**PROBLEM DETAILS**
Leave the pictures in the listing below aside and reproduce exactly the lines starting with the one with "아주 틀린 답은 아니지만" and going on through the one with "Blumen und Vasen |", both ends included.

═════ DATA EXTRACTS ═════

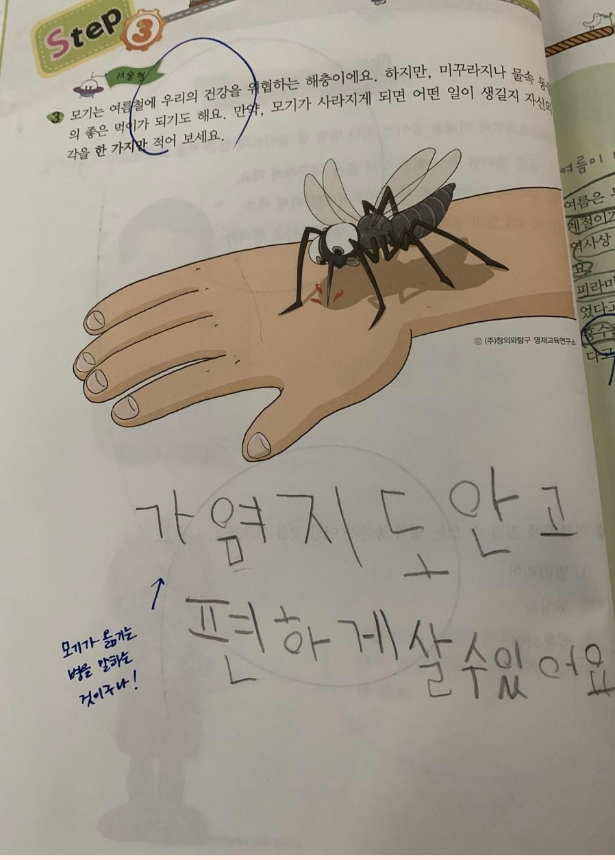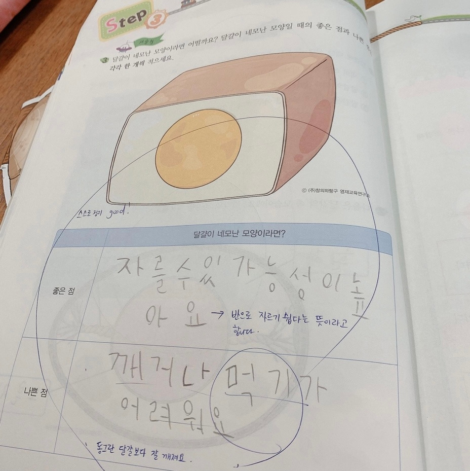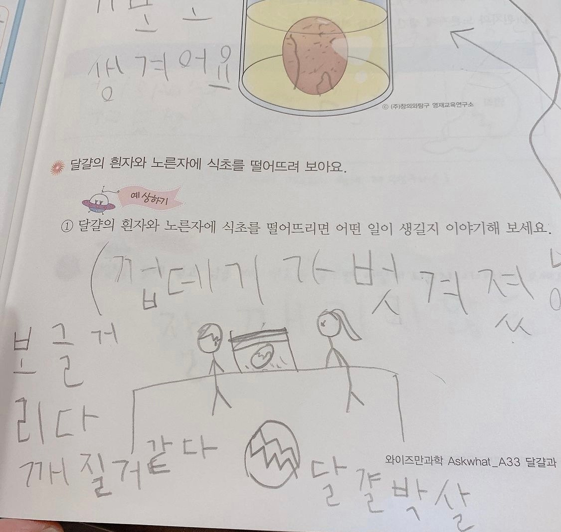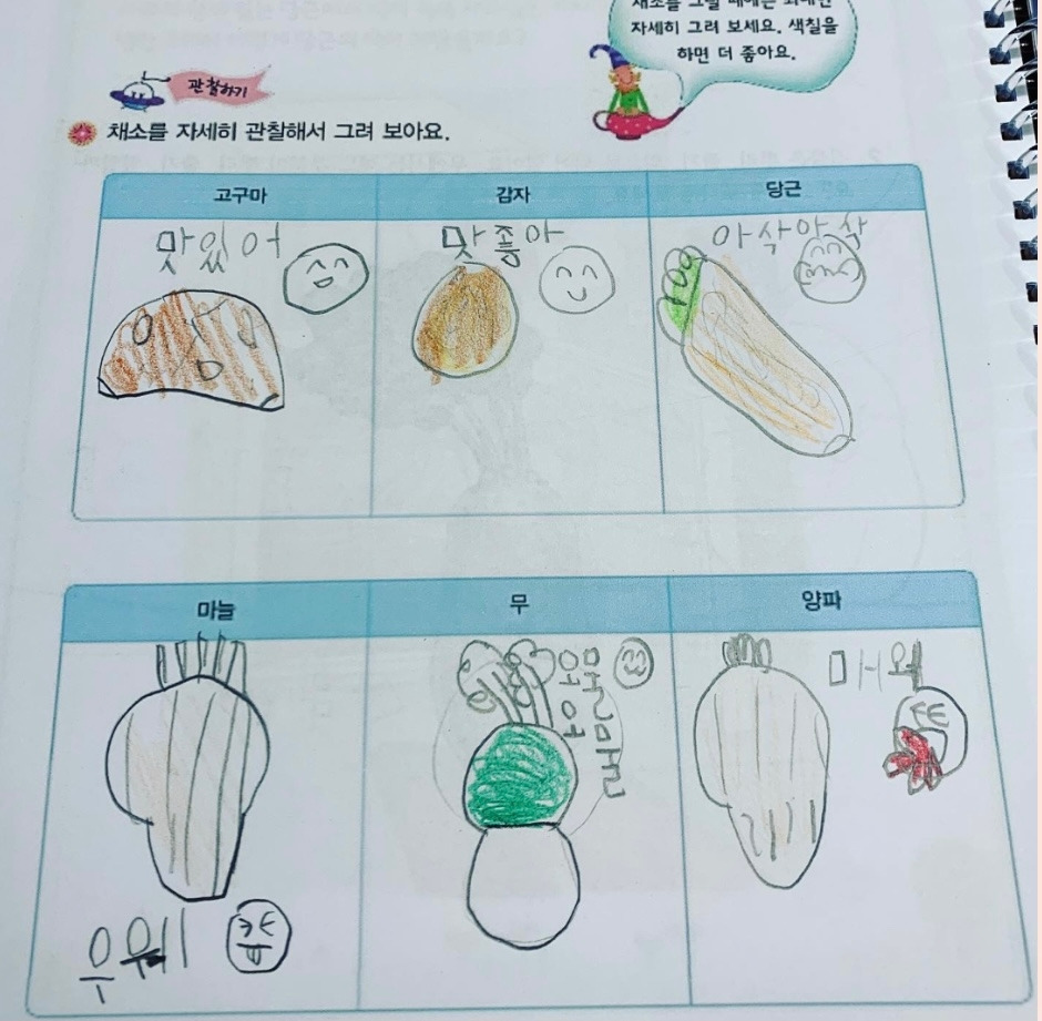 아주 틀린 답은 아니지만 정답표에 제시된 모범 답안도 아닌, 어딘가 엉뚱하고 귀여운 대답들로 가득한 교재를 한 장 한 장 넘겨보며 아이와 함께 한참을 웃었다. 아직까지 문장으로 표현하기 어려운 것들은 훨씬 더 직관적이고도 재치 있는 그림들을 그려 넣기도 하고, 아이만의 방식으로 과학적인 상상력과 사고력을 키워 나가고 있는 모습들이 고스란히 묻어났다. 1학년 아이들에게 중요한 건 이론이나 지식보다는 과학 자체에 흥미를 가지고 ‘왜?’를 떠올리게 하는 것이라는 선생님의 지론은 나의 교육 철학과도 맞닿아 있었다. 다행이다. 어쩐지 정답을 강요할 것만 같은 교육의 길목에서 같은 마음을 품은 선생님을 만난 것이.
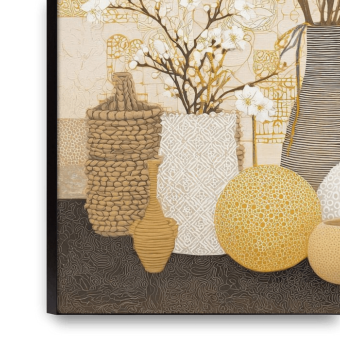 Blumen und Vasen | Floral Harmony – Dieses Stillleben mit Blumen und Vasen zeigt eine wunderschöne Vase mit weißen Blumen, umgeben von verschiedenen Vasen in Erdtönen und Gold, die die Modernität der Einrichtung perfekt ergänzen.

═════
═════ DATA EXTRACTS ═════

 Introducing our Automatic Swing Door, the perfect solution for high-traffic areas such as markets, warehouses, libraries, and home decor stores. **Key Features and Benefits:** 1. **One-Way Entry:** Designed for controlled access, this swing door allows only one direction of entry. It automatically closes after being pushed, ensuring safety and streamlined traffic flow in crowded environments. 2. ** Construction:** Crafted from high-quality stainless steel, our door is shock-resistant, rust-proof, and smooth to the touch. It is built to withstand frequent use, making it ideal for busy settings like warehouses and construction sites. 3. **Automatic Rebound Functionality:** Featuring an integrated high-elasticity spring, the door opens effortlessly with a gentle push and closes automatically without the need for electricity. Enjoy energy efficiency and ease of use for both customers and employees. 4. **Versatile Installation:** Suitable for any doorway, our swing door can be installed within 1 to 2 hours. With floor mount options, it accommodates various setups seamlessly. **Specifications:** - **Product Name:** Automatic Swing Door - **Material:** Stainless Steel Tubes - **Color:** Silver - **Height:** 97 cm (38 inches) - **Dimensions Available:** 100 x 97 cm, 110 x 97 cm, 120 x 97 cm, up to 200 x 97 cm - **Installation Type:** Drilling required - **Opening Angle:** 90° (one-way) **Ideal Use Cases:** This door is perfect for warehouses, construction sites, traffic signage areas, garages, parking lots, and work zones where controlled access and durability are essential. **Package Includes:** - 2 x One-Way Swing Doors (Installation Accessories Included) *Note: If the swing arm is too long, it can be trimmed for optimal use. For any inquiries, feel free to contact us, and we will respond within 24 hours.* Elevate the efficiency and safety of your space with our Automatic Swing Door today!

═════

**RESPONSE AREA**
 아주 틀린 답은 아니지만 정답표에 제시된 모범 답안도 아닌, 어딘가 엉뚱하고 귀여운 대답들로 가득한 교재를 한 장 한 장 넘겨보며 아이와 함께 한참을 웃었다. 아직까지 문장으로 표현하기 어려운 것들은 훨씬 더 직관적이고도 재치 있는 그림들을 그려 넣기도 하고, 아이만의 방식으로 과학적인 상상력과 사고력을 키워 나가고 있는 모습들이 고스란히 묻어났다. 1학년 아이들에게 중요한 건 이론이나 지식보다는 과학 자체에 흥미를 가지고 ‘왜?’를 떠올리게 하는 것이라는 선생님의 지론은 나의 교육 철학과도 맞닿아 있었다. 다행이다. 어쩐지 정답을 강요할 것만 같은 교육의 길목에서 같은 마음을 품은 선생님을 만난 것이.
 Blumen und Vasen | Floral Harmony – Dieses Stillleben mit Blumen und Vasen zeigt eine wunderschöne Vase mit weißen Blumen, umgeben von verschiedenen Vasen in Erdtönen und Gold, die die Modernität der Einrichtung perfekt ergänzen.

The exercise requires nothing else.